The Greeks were highly sensitive to the role of light in color. "Plato talked about vision and color as 'fire entering the eyes,'" says Cleland. "It's important to remember that the bright sunlight of the Mediterranean climate gives a high level of tonal contrast." Artists used strong tones to ensure maximum visual impact.

"Color in architecture enhanced simple visibility, and picked out sculptural details that might have otherwise been lost to distance," she says. The wildly decorated frieze of the Siphnian Treasury in Delphi, for example, would have been high on the building, so its strongly contrasting colors helped viewers at ground level see all the details.

No less an authority than Leonardo da Vinci declared that sculptors shouldn't concern themselves with color. But ancient sculptures were designed to captivate, to create an occasion.

"In ancient villas people would stroll around and stop at a statue of a philosopher or mythic hero and use the artwork as a jumping-off point for a debate or discussion," explains Kenneth Lapatin, associate curator of antiquities at the J. Paul Getty Museum in Los Angeles.

That experience was intensified in religious spaces. Lapatin cites the impact of the ivory and gold statue of Zeus in the temple at Olympus, known as one of the Seven Wonders of the World.

"This wasn't like seeing Michelangelo's David in a museum," says Lapatin. "You'd enter into a dark sanctuary. There was music, incense burning. In the half-light, the gold would reflect off surfaces. If you normally lived in a simple, slightly dirty place, this kind of experience would be an epiphany. The artist even played games with proportion. Zeus was too big – if the statue stood up, it would break through the roof. But that was, of course, intentional. Is there an equivalent today? Maybe the latest Star Wars.

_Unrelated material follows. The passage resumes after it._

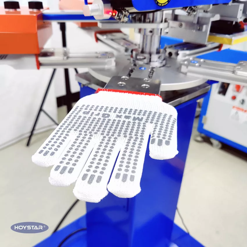 Sebagai pengilang profesional di China, kami ingin memberikan anda Mesin Cetak Skrin Sarung Tangan Tanpa Slip HOYSTAR yang pantas. Mesin kami menggunakan PLC dan kawalan skrin sentuh, dan digunakan terutamanya untuk mencetak pelbagai jenis sarung tangan. Mesin boleh mencetak pada sarung tangan kapas, sarung tangan rajutan, dan lain-lain. Mesin dilengkapi dengan ketuhar pengering yang boleh mengeringkan silikon dan dakwat dengan baik.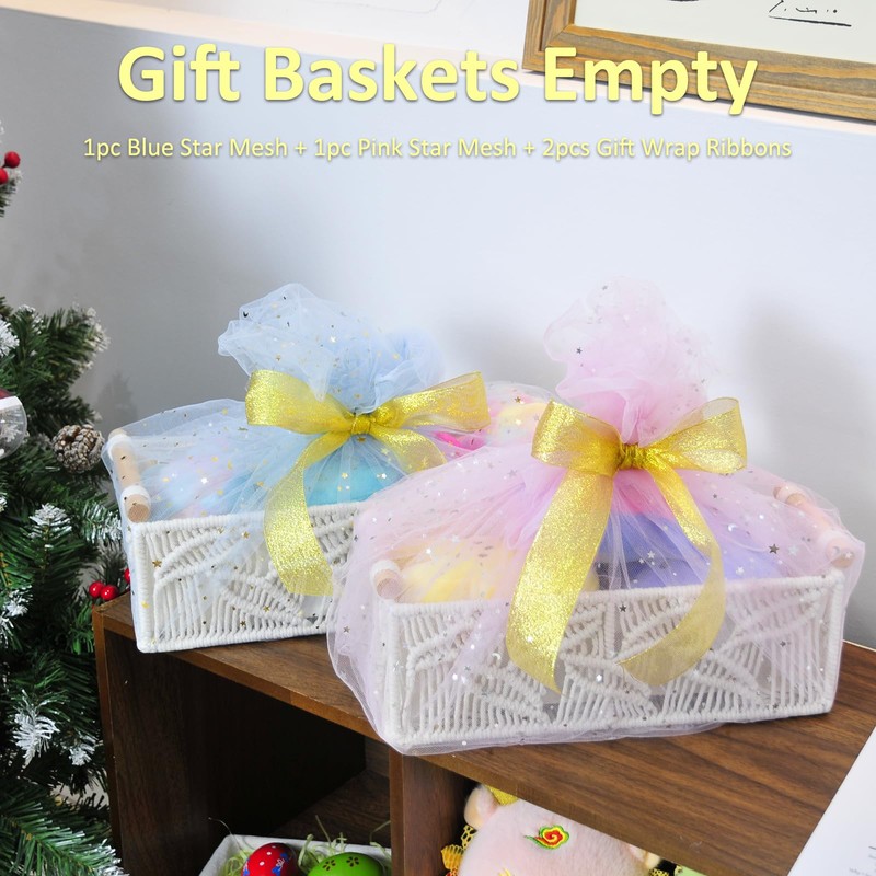 - Decorative Gift Baskets Empty - Color box packaging, come with 1pc blue mesh, 1pc pink mesh and 1 gift wrap ribbons (2m/6.56ft, you can cut the length as needed). A great ideal gift basket for Valentine's Day, Easter Eggs, Women's Day, St. Patrick's Day, Mother's Day, Father's Day, Halloween, Thanksgiving, Christmas, New Year's, birthdays, anniversaries, etc.

But even that experience is virtual."

Color represents what has been missing in our portrait of ancient Greece: a complex civilization with a deep appreciation of sensual beauty and festival. "In some ways we made the Greeks better than they were, but also less exciting," says Ebbinghaus. "I'm reminded of my parents' resistance to switching to color television. 'You can imagine so much more in black and white,' they'd say. The more fragmentary something is, the bigger the surface it offers for projection."

Lapatin agrees: "Classical art still carries such a charge. If we're going to successfully interrogate our own culture's values, it's important to examine their underpinnings."

The 'reel' Greece?

Hollywood has often turned to the ancient world for inspiration, with varying results. Lloyd Llewellyn-Jones, who served as a consultant to Oliver Stone's Alexander, admired the film's commitment to historical accuracy – with one exception: the costumes worn by Angelina Jolie, who played Alexander's mother.

"We had her in the appropriate clothes, loose linens fastened with pins and brooches. She deemed them too frumpy and had costume designer Jenny Beavan create something with more, shall we say, Christian Dior tailoring." He laughs. "History or no history, a star still has the power to dictate her look."

Color symbolism in ancient Greece

  • Red:A transitional color, indicating a change in life status. Boys on the threshold of becoming men wore red cloaks. Brides wore red veils. Death shrouds were red.

  • Black:Worn for mourning, but also to draw attention to the mourner's social status. "True blacks were hard to achieve," says Llewellyn-Jones. "You often see the term 'thrice-dyed' to describe deep black."

  • Purple:Indicated royalty or high rank, due to the rarity of purple dye. Alexander the Great was fond of wearing purple from head to toe.

  • White: As much a state of being as a color; the ancients used the word to designate youthful or feminine, pale skin.